• **Goal of the exercise**
Please reproduce the lines from the one containing "2025-2026学年(上)" through the end of the data below exactly as they stand, and omit all pictures.

• **Material provided**
'''
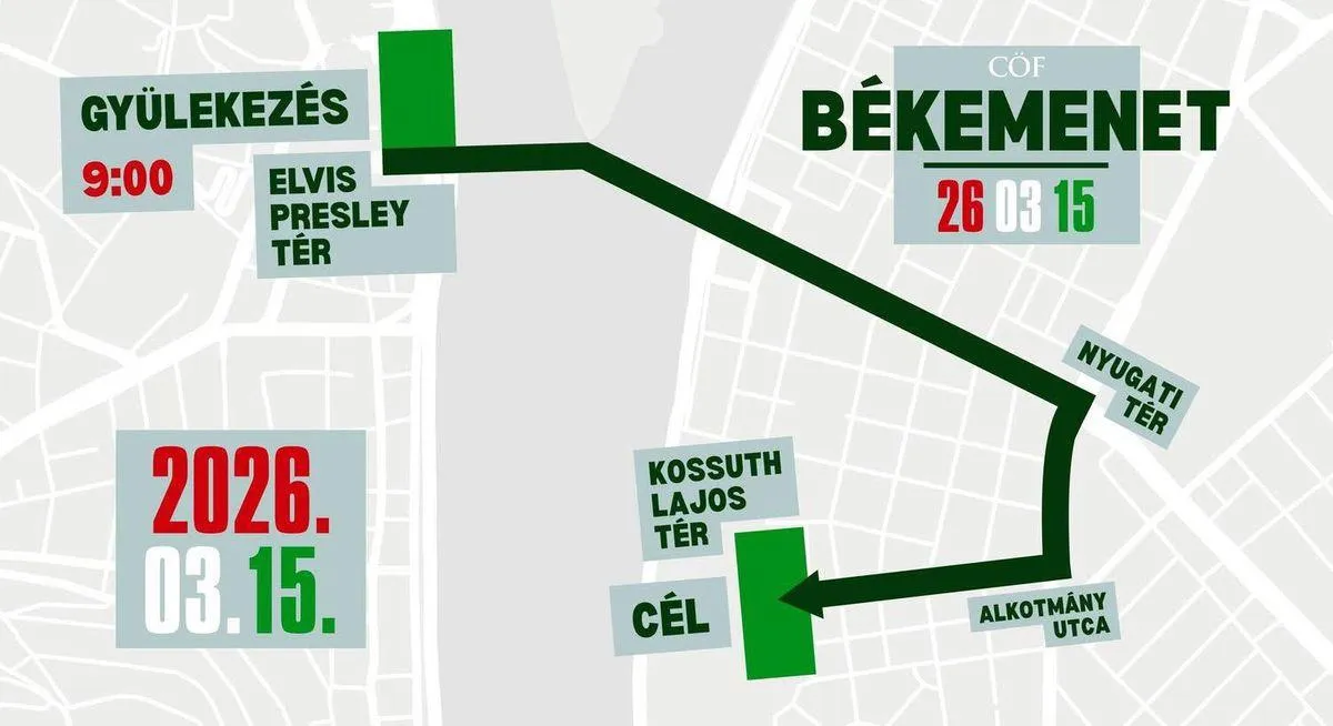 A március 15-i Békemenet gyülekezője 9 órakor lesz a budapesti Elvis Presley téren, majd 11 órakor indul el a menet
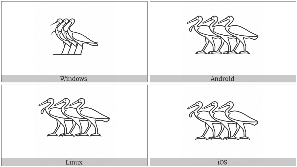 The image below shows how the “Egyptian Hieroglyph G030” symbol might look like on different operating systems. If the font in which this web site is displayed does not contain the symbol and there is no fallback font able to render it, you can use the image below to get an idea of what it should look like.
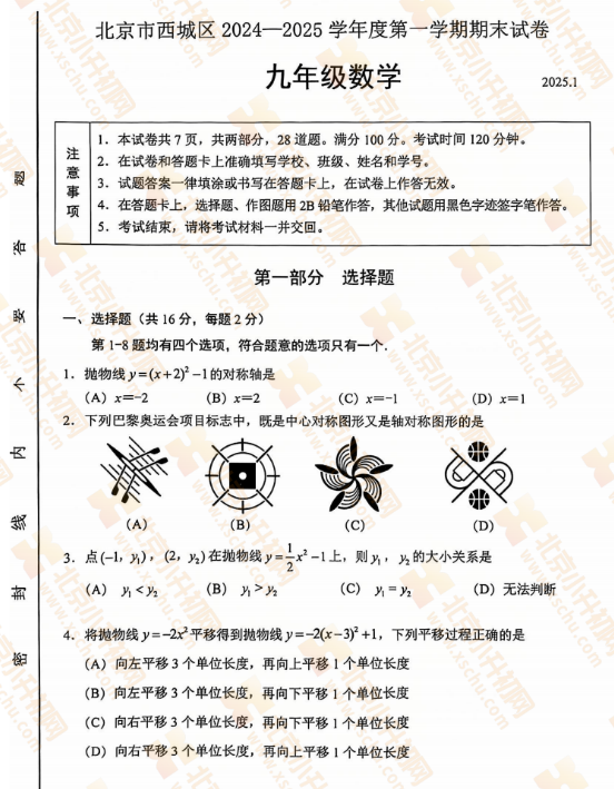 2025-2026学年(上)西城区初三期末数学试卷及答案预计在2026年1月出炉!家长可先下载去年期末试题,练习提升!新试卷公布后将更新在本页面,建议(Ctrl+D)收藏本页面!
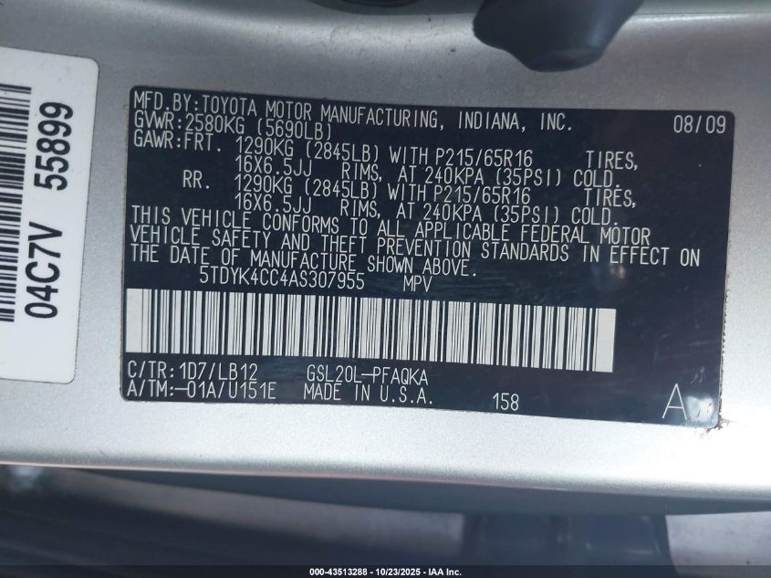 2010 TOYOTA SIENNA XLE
'''
• **Solution to this task**
 2025-2026学年(上)西城区初三期末数学试卷及答案预计在2026年1月出炉!家长可先下载去年期末试题,练习提升!新试卷公布后将更新在本页面,建议(Ctrl+D)收藏本页面!
 2010 TOYOTA SIENNA XLE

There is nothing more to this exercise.